Leaving out the pictures, return word for word the stretch of entries below from the line holding "Gold Festive Ganesh" through the line holding "Y listo! Eso".

[Exercise materials — start]

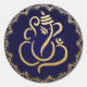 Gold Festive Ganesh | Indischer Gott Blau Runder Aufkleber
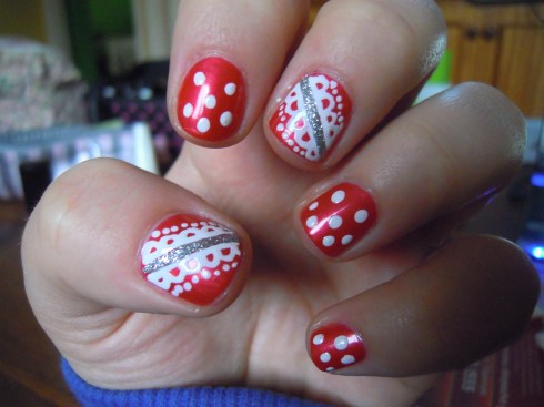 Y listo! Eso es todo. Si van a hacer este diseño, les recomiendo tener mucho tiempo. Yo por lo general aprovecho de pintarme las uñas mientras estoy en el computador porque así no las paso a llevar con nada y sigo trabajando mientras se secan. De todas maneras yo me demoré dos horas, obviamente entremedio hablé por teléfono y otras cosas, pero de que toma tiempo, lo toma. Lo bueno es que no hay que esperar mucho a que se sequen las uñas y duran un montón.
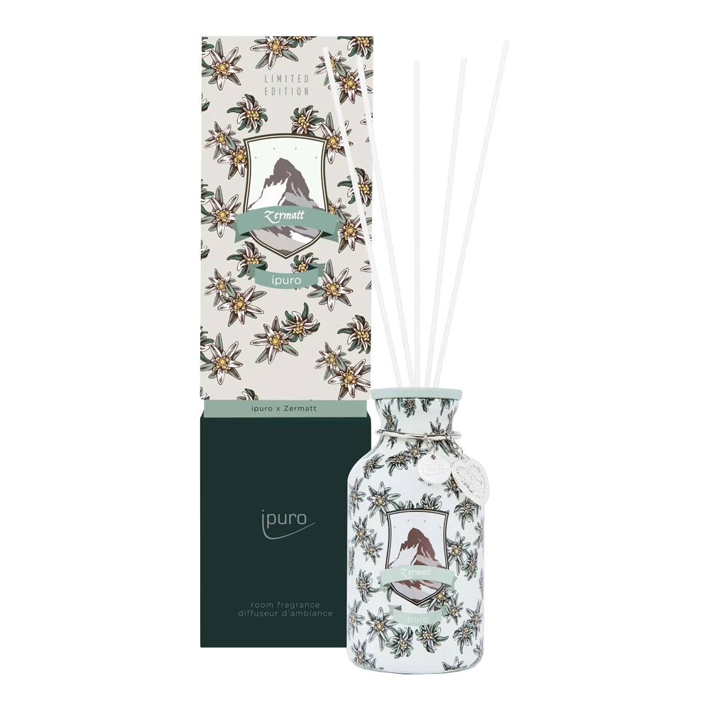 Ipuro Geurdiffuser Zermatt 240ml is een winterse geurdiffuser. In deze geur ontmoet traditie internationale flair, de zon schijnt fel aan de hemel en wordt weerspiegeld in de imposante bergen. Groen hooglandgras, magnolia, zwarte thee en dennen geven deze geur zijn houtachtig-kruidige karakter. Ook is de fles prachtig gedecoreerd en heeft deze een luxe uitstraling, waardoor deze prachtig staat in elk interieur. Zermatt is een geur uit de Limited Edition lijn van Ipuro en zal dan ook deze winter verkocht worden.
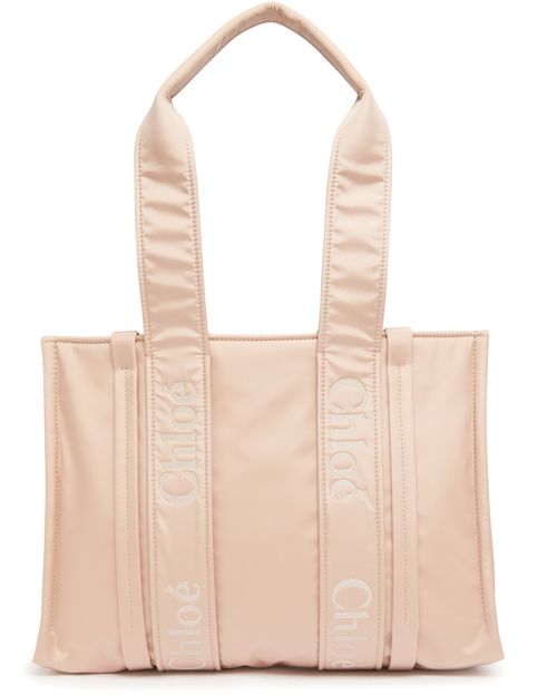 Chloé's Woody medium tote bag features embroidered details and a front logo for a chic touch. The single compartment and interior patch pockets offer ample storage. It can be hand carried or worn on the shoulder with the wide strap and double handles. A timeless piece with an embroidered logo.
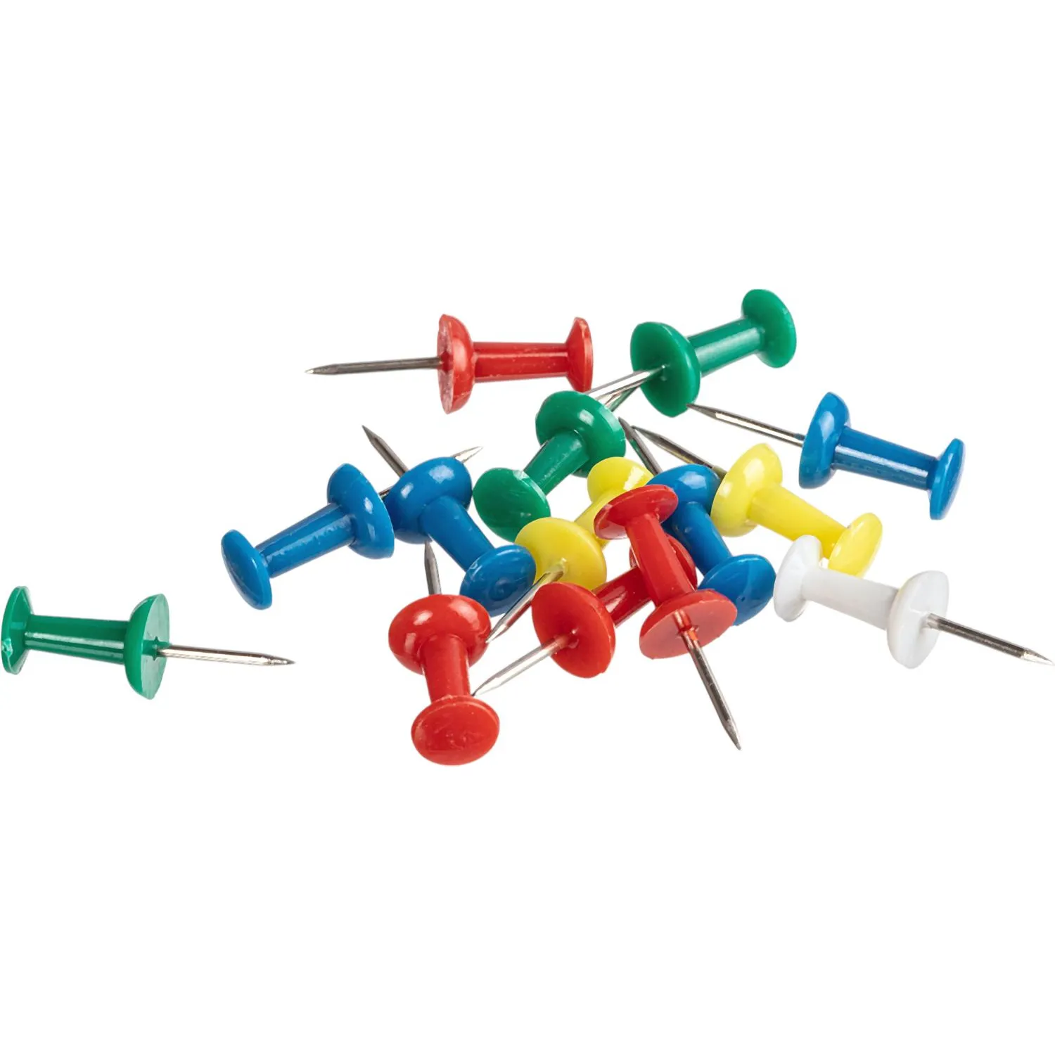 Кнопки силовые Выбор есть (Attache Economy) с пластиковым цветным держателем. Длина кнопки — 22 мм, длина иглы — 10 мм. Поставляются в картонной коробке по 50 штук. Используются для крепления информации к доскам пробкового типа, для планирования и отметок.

[Exercise materials — finish]
[Exercise materials — start]

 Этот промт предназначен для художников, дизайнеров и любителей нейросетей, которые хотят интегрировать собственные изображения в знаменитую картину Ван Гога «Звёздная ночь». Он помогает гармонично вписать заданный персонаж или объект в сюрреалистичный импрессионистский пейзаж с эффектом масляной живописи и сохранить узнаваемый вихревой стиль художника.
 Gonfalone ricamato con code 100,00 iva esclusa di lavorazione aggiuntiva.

[Exercise materials — finish]

* Response to this task
 Gold Festive Ganesh | Indischer Gott Blau Runder Aufkleber
 Y listo! Eso es todo. Si van a hacer este diseño, les recomiendo tener mucho tiempo. Yo por lo general aprovecho de pintarme las uñas mientras estoy en el computador porque así no las paso a llevar con nada y sigo trabajando mientras se secan. De todas maneras yo me demoré dos horas, obviamente entremedio hablé por teléfono y otras cosas, pero de que toma tiempo, lo toma. Lo bueno es que no hay que esperar mucho a que se sequen las uñas y duran un montón.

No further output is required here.